恰是糾結之時,霍石蘭看見遠處一支利箭對準了她的父親。
鐘杳瞳仁一縮,臉上的表情忽而堅定,她箭步走向父親,同時舉起了手中的長矛狠狠一擲。
呲——
是利箭穿破她血肉的聲音,是長矛刺入敵人弓箭手的聲音。
而她旁邊,霍正感受到有誰替自己擋了一箭,他手起刀落斬下敵軍首級。
回頭,卻看見一張陌生又熟悉的臉,來者赫然是本該在將軍府上的他的女兒。
霍正深受震動,從來不動如山的他,竟在戰場上失了神。
與此同時,霍石蘭利劍出鞘,又刺破了想要偷襲霍正的人的喉嚨。
鮮血飛濺到少女的臉上,這一刻,她靈魂中隱藏的某些東西被點燃。
烽火狼煙之中,霍石蘭對著驚詫的霍正勾起唇角,似報復似嘲諷:“好久不見啊,我的父親。”
第90章
十一月初,《女將軍》歷經夏秋兩季,終于圓滿殺青。
鐘杳出道已近三年,但這其實只是她參加的第二次殺青宴。
拍攝《如果你知道》和直播綜藝時,她都因為意外而缺席了,上一次還是電視劇《夢想紀念冊》的殺青宴。
不過,今天的殺青宴與上次相比,卻似乎少了輕快,反而多了幾分厚重感。
從前期籌備、封閉訓練,再到現在殺青,《女將軍》全組說歷經了春夏秋三季也不為過。
然而,因為拍攝古裝戲太辛苦,他們輾轉橫店、貴州和西北大漠幾個地方,風吹日曬雨淋,彼此間經歷的酸甜苦辣更多,主創又都是些再熟悉不過的朋友,竟沒有熬了許久終于解脫的感覺。
所有人都只覺不舍。
譬如整個拍攝期間都英姿颯爽的宋拾,今夜就又喝了一點點酒,借著酒意哭了。
平日里大大咧咧的她,此時此刻,舉著酒杯說起了柔情話。
她說:“我真的特別感謝大家,杳杳的推薦,靳叔叔給的試鏡機會,整個拍攝期間兩位陳導對我的指導,還有辛苦為我化妝的老師,在我ng時加班的所有工作人員……”

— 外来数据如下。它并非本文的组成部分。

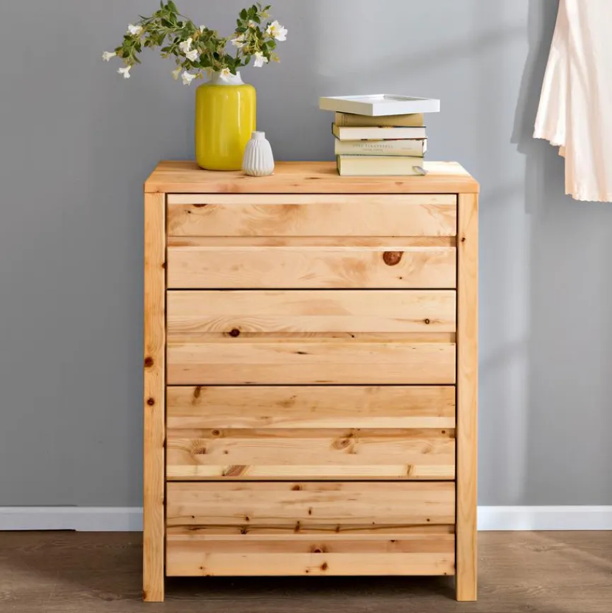 Der naturbelassene Look der Kommode Cembra wird Sie als Freund von edlen Echtholzmöbeln sofort begeistern. Bestücken Sie sie zum Beispiel mit Wäsche, Büchern oder Ihrem Zubehör für Tablet & Co. Ihre neue Kommode Cembra bietet Ihnen viel Stauraum für persönliche Dinge und passt wunderbar zu Parkett und anderen Echtholzmöbeln.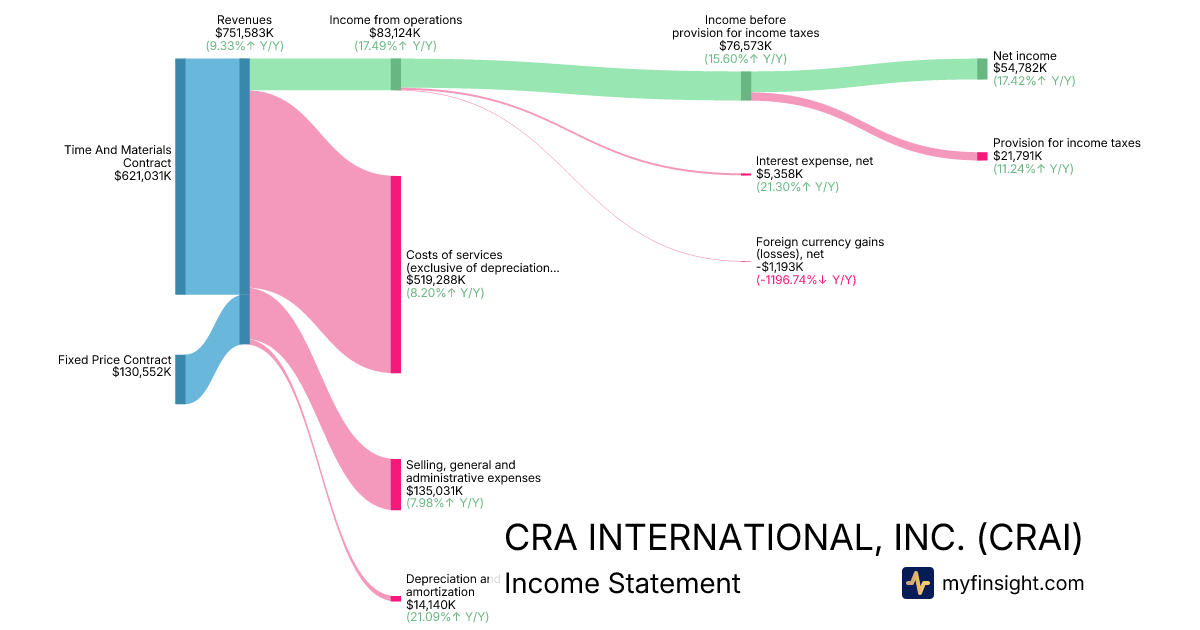 For the year ending 2026-01-03, CRAI made $751,583K in revenue. $54,782K in net income. Net profit margin of 7.29%.

“《女將軍》是我拍過的最難的劇,也是我收獲最多的劇,和各位老師共事,我也太好運了!”宋拾抹一把眼淚,敬一杯酒,透出一股俠女范兒,她最后說,“我現在什么也不想,就希望咱們的《女將軍》能一飛沖天,擁有一個漂亮的好成績!敬大家,敬《女將軍》!”